In the previous sections, we discussed how the environment is not fully known to the agent. In other words, the agent usually does not have an idea of how the internal algorithm of the environment looks. The agent thus needs to interact with it to gain information and learn how to maximize its expected cumulative reward. However, it is possible for the agent to have an internal replica, or a model, of the environment. The agent can use the model to predict how the environment would react to some action in a given state. A model of the stock market, for example, is tasked with predicting what the prices will look like in the future. If the model is accurate, the agent can then use its value function to assess how desirable future states look.
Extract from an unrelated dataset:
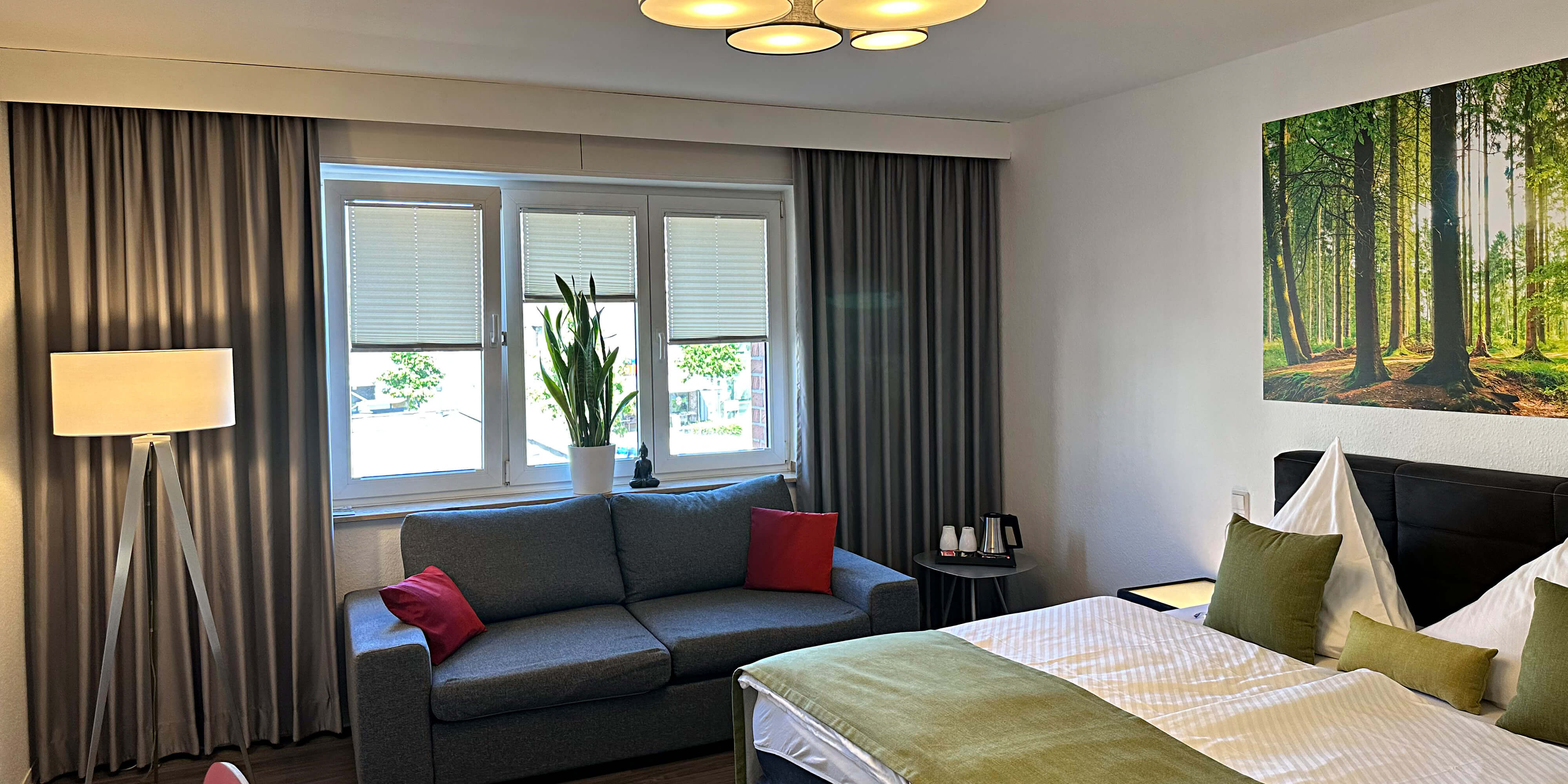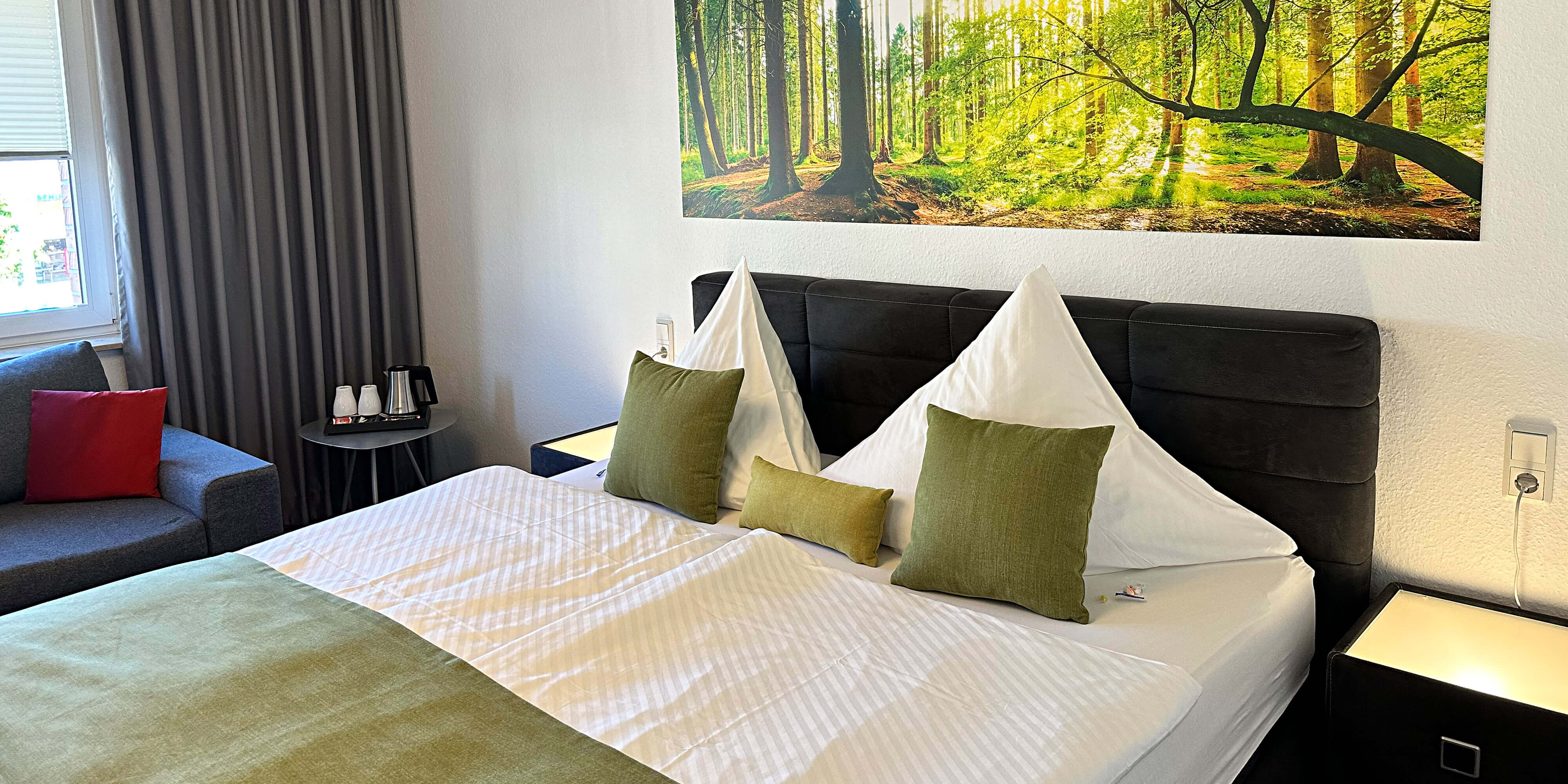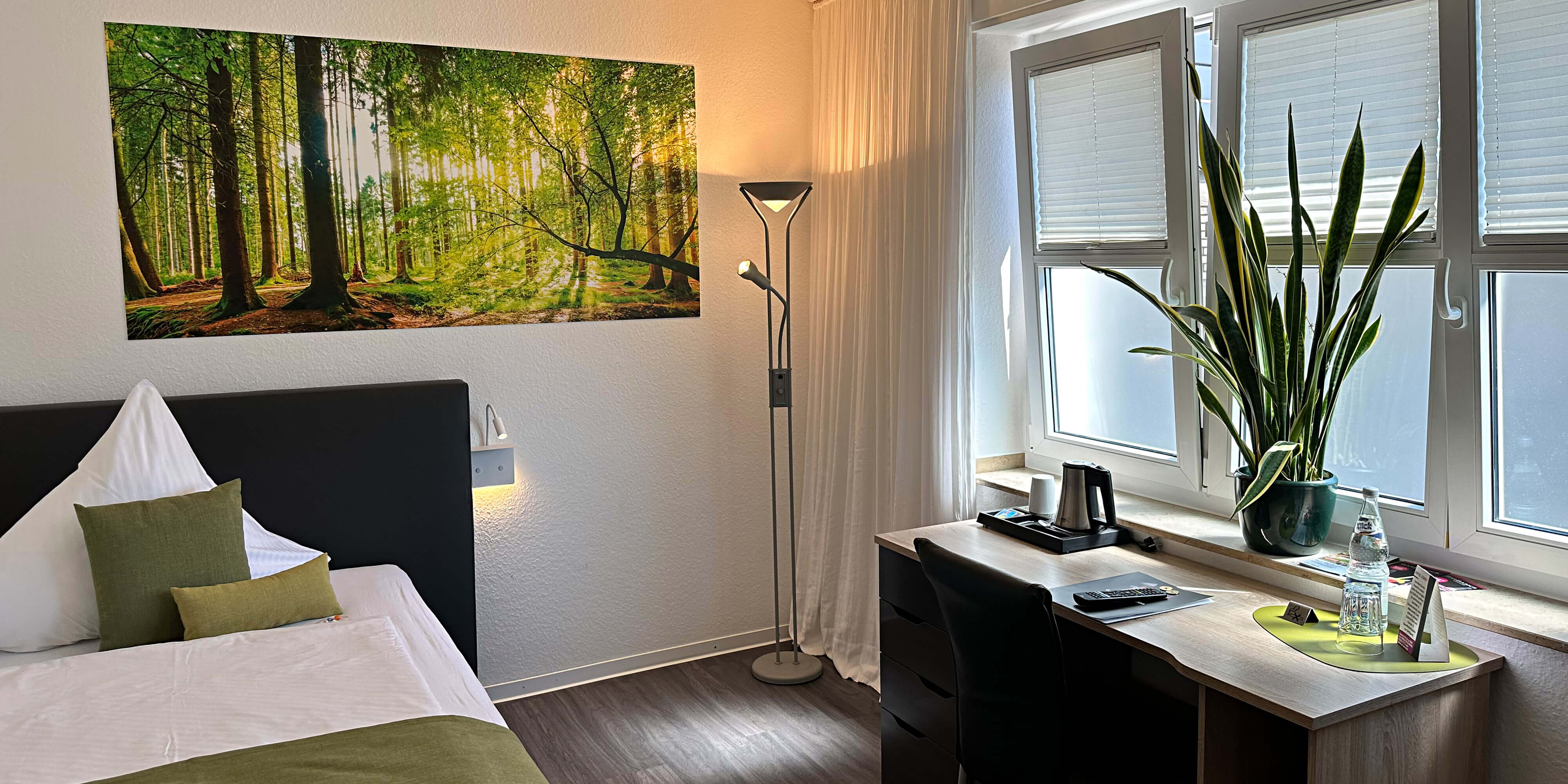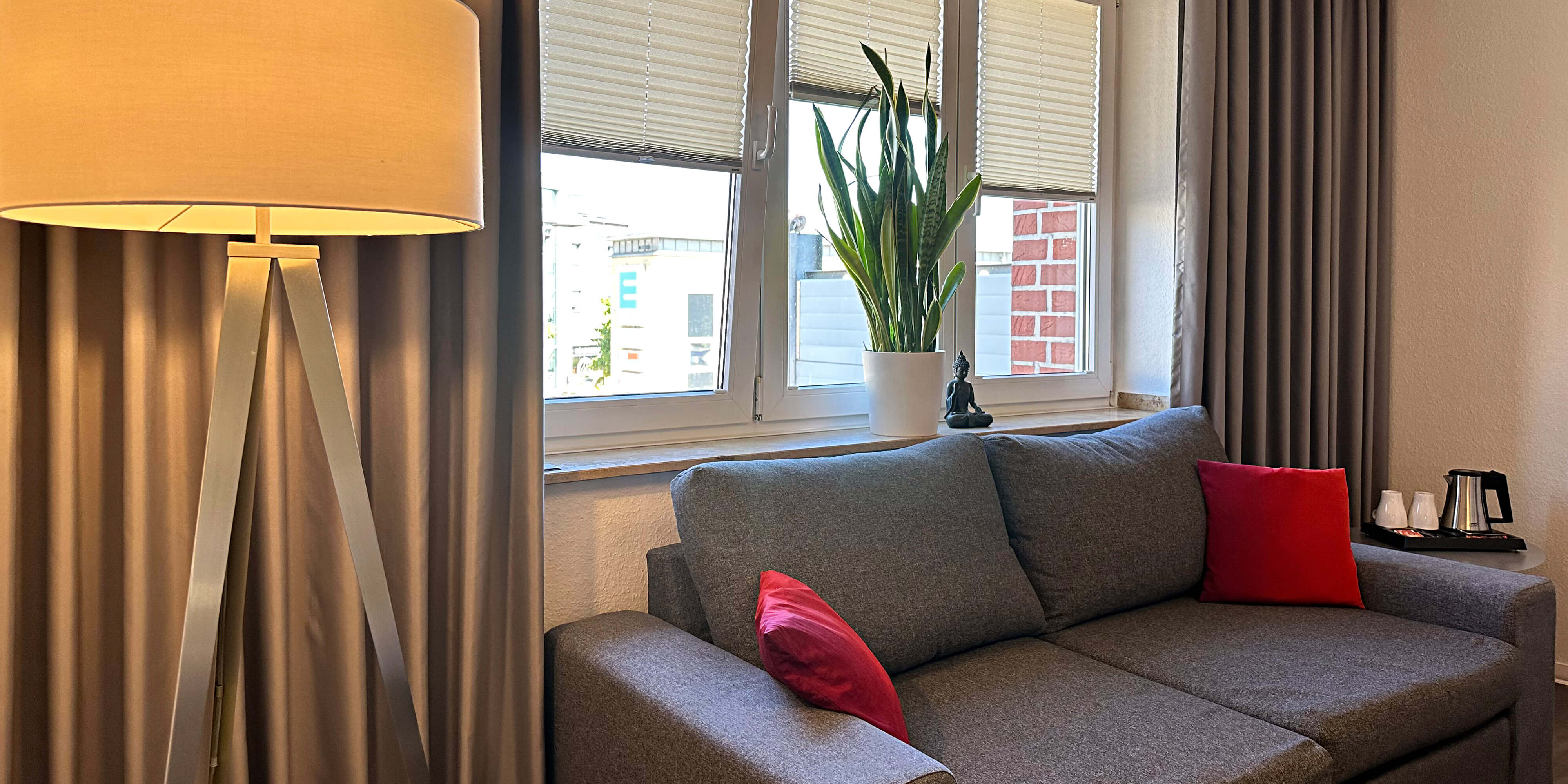 Zur Begrüßung erhalten Sie gratis eine Flasche Mineralwasser und für einen guten Start in den Tag steht Ihnen ein Wasserkocher mit Kaffee- und Tee Equipment kostenfrei zur Verügung.

More formally, a model can be denoted as a function, , that predicts the probability of the next state given the current state and an action:

In other scenarios, the model of the environment can be used to enumerate possible future states. This is commonly used in turn-based games, such as chess and tic-tac-toe, where the rules and scope of possible actions are clearly defined. Trees are often used to illustrate the possible sequence of actions and states in turn-based games:

Figure 4: A model using its value function to assess possible moves

In the preceding example of the tic-tac-toe game,denotes the possible states that taking theaction (represented as the shaded circle) could yield in a given state, . Moreover, we can calculate the value of each state using the agent's value function. The middle and bottom states would yield a high value since the agent would be one step away from victory, whereas  the top state would yield a medium value since the agent needs to prevent the opponent from winning.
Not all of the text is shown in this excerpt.